In the Neotropics, a large proportion of fish communities of large rivers use floodplain as habitats for feeding, reproduction, and refuge. An evaluation was made of the effects of extended dry periods on the species richness, abundance and local extinction of fish species in three marginal lagoons in the middle São Francisco River, southeastern Brazil. The studied lagoons fail to receive river floods during the study period (1994-1996). A gradual reduction in richness and abundance was observed in all lagoons. Migratory fish species had the highest probability to become extinct in the two lagoons that remained with large water volume. Species tolerant to low levels of dissolved oxygen had the lowest probability of local extinction in the lagoon showing an abrupt reduction in water volume. Similar changes to those observed in the current study are likely to occur in the floodplains if dams would be constructed in this segment of the river. Adequate water releases from Três Marias reservoir, located upstream, should be considered as a management tool for producing episodic flooding on the marginal lagoons of the region.

Key words: Floodplain, Migratory fish, Extended drought, Hypoxia.


Na região neotropical uma grande porção da comunidade de peixes utiliza a planície de inundação como habitat de alimentação, reprodução e refúgio. Neste trabalho, foi avaliado o efeito de um período de seca prolongado sobre a diversidade, abundância e extinção local de peixes de três lagoas marginais do médio curso do rio São Francisco. As lagoas estudadas não receberam água proveniente da cheia do rio durante o período de estudos (1994-1996). Redução gradual na abundância e riqueza de peixes foi abservada em todas as lagoas.

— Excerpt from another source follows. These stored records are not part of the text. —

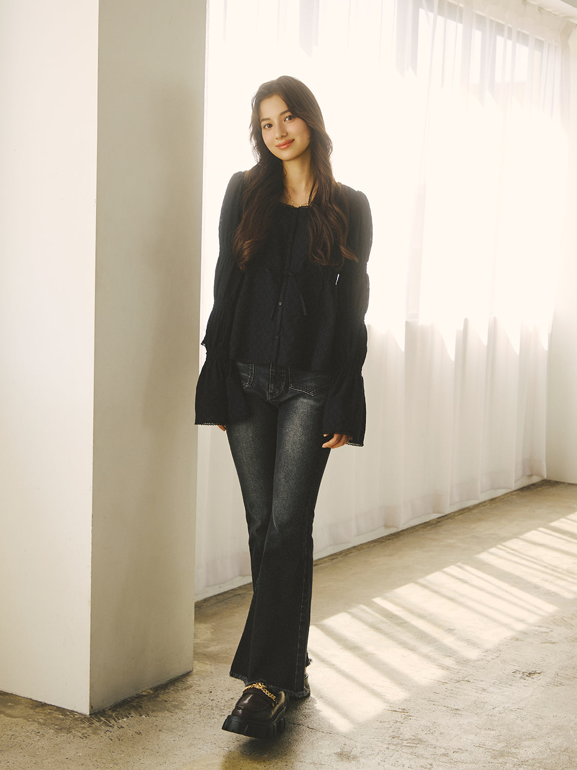 甘めのブラウスやフェミニンなトップスとの相性も◎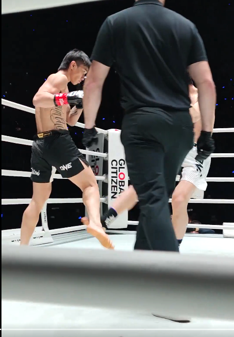 ワンチャイの右脚が変な角度に曲がってしまう(@ONEChampionship)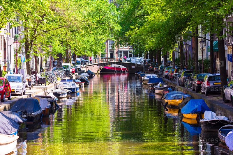 Красивый канал в Амстердаме, Нидерланды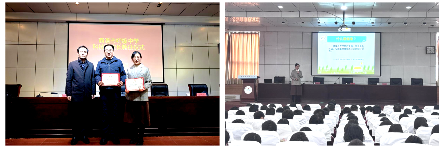 11月19日,應(yīng)商洛市初級(jí)中學(xué)邀請(qǐng),健康管理學(xué)院院長(zhǎng)郭耀東、公共衛(wèi)生系教師許飛利前往該校開展“科學(xué)管理體重,健康快樂成長(zhǎng)”主題教育培訓(xùn)。商洛市初級(jí)中學(xué)校長(zhǎng)倪德博出席活動(dòng),并在現(xiàn)場(chǎng)聘任郭耀東為學(xué)??萍几毙iL(zhǎng)、許飛利為健康教育指導(dǎo)專家。

Nas lagoas que permaneceram com grande volume de água, espécies migradoras foram as que apresentaram maior probabilidade de extinção. Já na lagoa que apresentou abrupta redução no volume de água, espécies tolerantes a baixos níveis de oxigênio dissolvido apresentaram menor probabilidade de extinção local. Caso barragens venham a ser construídas no médio curso do rio São Francisco, mudanças similares às observadas neste estudo poderão ocorrer com maior freqüência na sua planície de inundação. Vertimentos controlados através do reservatório de Três Marias, localizado a montante, devem ser avaliados como ferramenta de manejo para produzir inundações periódicas nas lagoas marginais da região.




Floodplains are lands periodically covered with water when rivers overflow their banks. In the tropics, a large portion of fish communities uses the floodplains as habitats for feeding, reproduction, and refuge (Agostinho & Zalewski, 1995; Lowe-McConnell, 1999). For this reason, these habitats are priority for fish conservation and management (Costa et al., 1998). During the dry season, the flooded areas become isolated from the main channel of the river, forming numerous marginal lagoons and ponds; some of these lagoons persist until the next flood whereas others dry up. Adaptation to this environmental dynamism allows aquatic and floodplain species to persist in the face of seemingly harsh conditions, such as floods and droughts, that regularly destroy and re-create habitat elements (Poff et al., 1997). In response to the adverse conditions of the dry season, some fishes in marginal lagoons opportunistically change their diet according to the availability of food whereas others tolerate low levels of dissolved oxygen (Machado-Allison, 1994).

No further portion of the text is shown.